**Extracted data:**
-*-*-

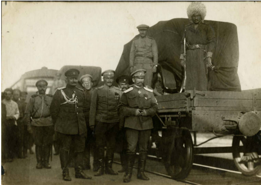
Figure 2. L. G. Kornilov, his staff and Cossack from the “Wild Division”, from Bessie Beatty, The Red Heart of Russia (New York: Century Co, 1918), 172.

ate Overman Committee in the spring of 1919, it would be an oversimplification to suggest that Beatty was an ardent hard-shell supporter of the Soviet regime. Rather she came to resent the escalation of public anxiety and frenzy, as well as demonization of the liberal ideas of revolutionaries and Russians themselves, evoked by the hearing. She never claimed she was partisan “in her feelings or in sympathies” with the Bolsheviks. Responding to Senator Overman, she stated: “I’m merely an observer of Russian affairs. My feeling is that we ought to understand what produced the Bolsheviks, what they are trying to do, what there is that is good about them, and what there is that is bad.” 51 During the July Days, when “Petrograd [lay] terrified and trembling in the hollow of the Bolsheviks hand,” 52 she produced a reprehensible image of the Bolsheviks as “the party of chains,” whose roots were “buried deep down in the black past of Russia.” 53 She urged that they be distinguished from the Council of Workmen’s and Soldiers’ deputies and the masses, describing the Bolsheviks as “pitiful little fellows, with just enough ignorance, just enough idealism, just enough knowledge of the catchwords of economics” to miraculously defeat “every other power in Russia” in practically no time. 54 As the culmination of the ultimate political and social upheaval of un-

-*-*-

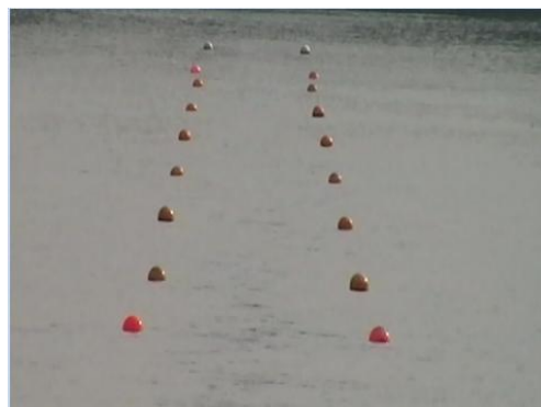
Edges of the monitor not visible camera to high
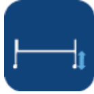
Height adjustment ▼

-*-*-

**Task directions:**
Locate and copy each line in the data above that includes the word "Russia".

**Worked solution:**
Figure 2. L. G. Kornilov, his staff and Cossack from the “Wild Division”, from Bessie Beatty, The Red Heart of Russia (New York: Century Co, 1918), 172.
ate Overman Committee in the spring of 1919, it would be an oversimplification to suggest that Beatty was an ardent hard-shell supporter of the Soviet regime. Rather she came to resent the escalation of public anxiety and frenzy, as well as demonization of the liberal ideas of revolutionaries and Russians themselves, evoked by the hearing. She never claimed she was partisan “in her feelings or in sympathies” with the Bolsheviks. Responding to Senator Overman, she stated: “I’m merely an observer of Russian affairs. My feeling is that we ought to understand what produced the Bolsheviks, what they are trying to do, what there is that is good about them, and what there is that is bad.” 51 During the July Days, when “Petrograd [lay] terrified and trembling in the hollow of the Bolsheviks hand,” 52 she produced a reprehensible image of the Bolsheviks as “the party of chains,” whose roots were “buried deep down in the black past of Russia.” 53 She urged that they be distinguished from the Council of Workmen’s and Soldiers’ deputies and the masses, describing the Bolsheviks as “pitiful little fellows, with just enough ignorance, just enough idealism, just enough knowledge of the catchwords of economics” to miraculously defeat “every other power in Russia” in practically no time. 54 As the culmination of the ultimate political and social upheaval of un-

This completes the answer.